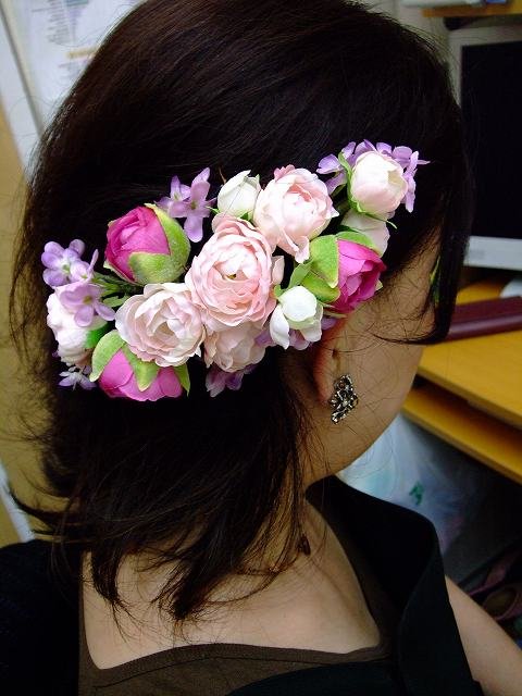 今回新婦様はこのコサージュを耳の後ろ側に沿わせるように付けられるようです!
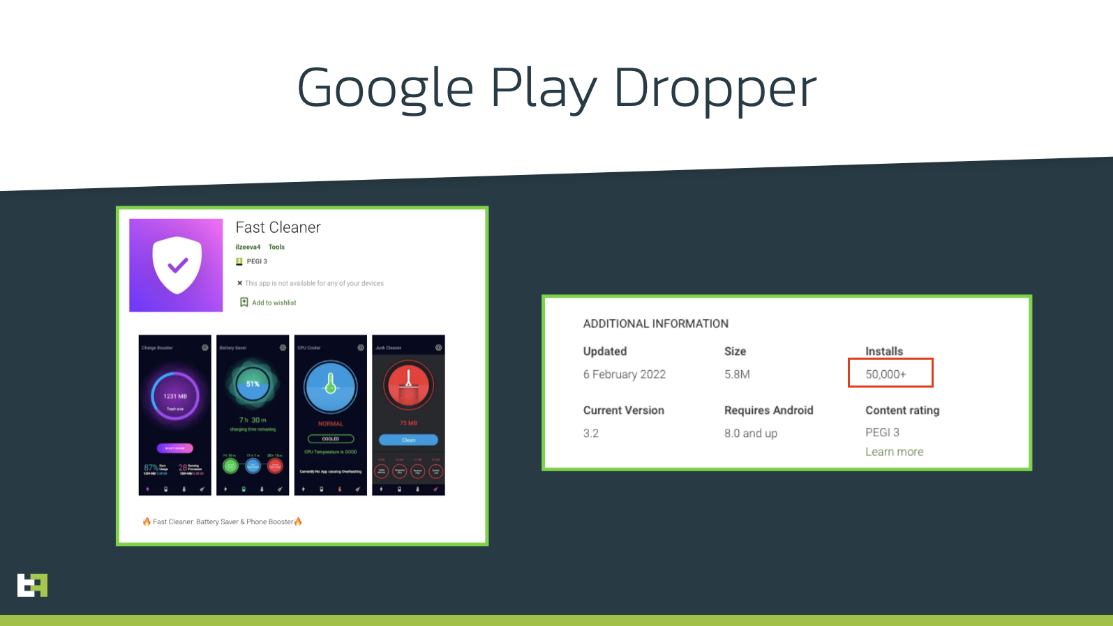 해당 업체에 따르면 "Xenomorph"가 성능 향상 앱 등의 정상 앱으로 위장해 Play Store에서 유포된다고 알려졌다.
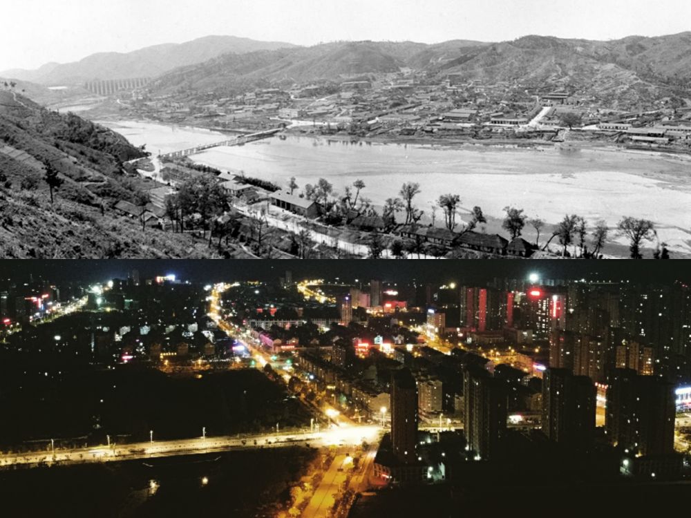 (上图:1961年金寨县城,新华社记者吴乙明、张幼良摄;下图:2020年金寨县城夜景。新华社记者陈诺摄)
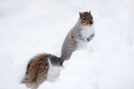 Squirrel closeup with white snow in winter from Central Park in New York City Manhattan.
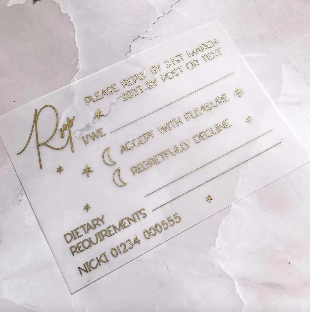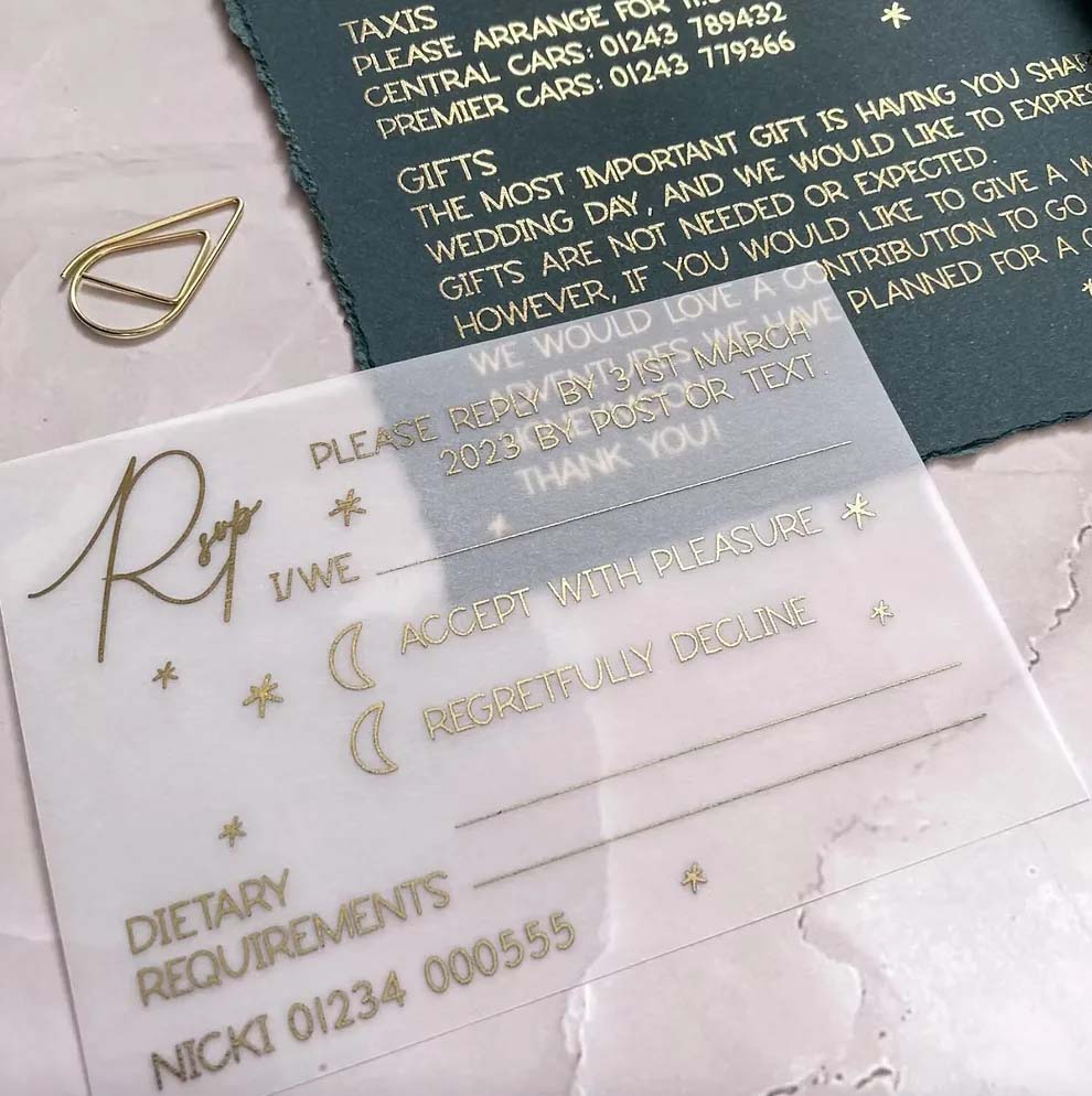 - This invite is finished off with a gold tear drop paperclip as standard, to hold your invite together as seen in the images. If you’re looking for something else such as ribbon or vellum jackets etc, just get in touch before you place your order.
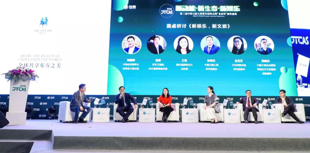 在下午的圆桌研讨环节,围绕 “新娱乐,新文旅”的主题,在华程金旅董事长/前旅游卫视总裁韩国辉的引导下,梦东方集团执行董事兼副总裁杨蕾、腾讯视频商业化总经理王莹、中国主题公园研究院院长林焕杰、行知探索体验研究院院长金豆豆,以及中国文旅实战营销专家/时代文旅首席战略顾问熊晓杰分享了各自的思考和观点,干货满满。

### REQUIREMENT
Lines before the one containing "- This invite" are not wanted; write out that line and every later line through the end of the data above, exactly, without pictures.

### RESPONSE BOX
 - This invite is finished off with a gold tear drop paperclip as standard, to hold your invite together as seen in the images. If you’re looking for something else such as ribbon or vellum jackets etc, just get in touch before you place your order.
 在下午的圆桌研讨环节,围绕 “新娱乐,新文旅”的主题,在华程金旅董事长/前旅游卫视总裁韩国辉的引导下,梦东方集团执行董事兼副总裁杨蕾、腾讯视频商业化总经理王莹、中国主题公园研究院院长林焕杰、行知探索体验研究院院长金豆豆,以及中国文旅实战营销专家/时代文旅首席战略顾问熊晓杰分享了各自的思考和观点,干货满满。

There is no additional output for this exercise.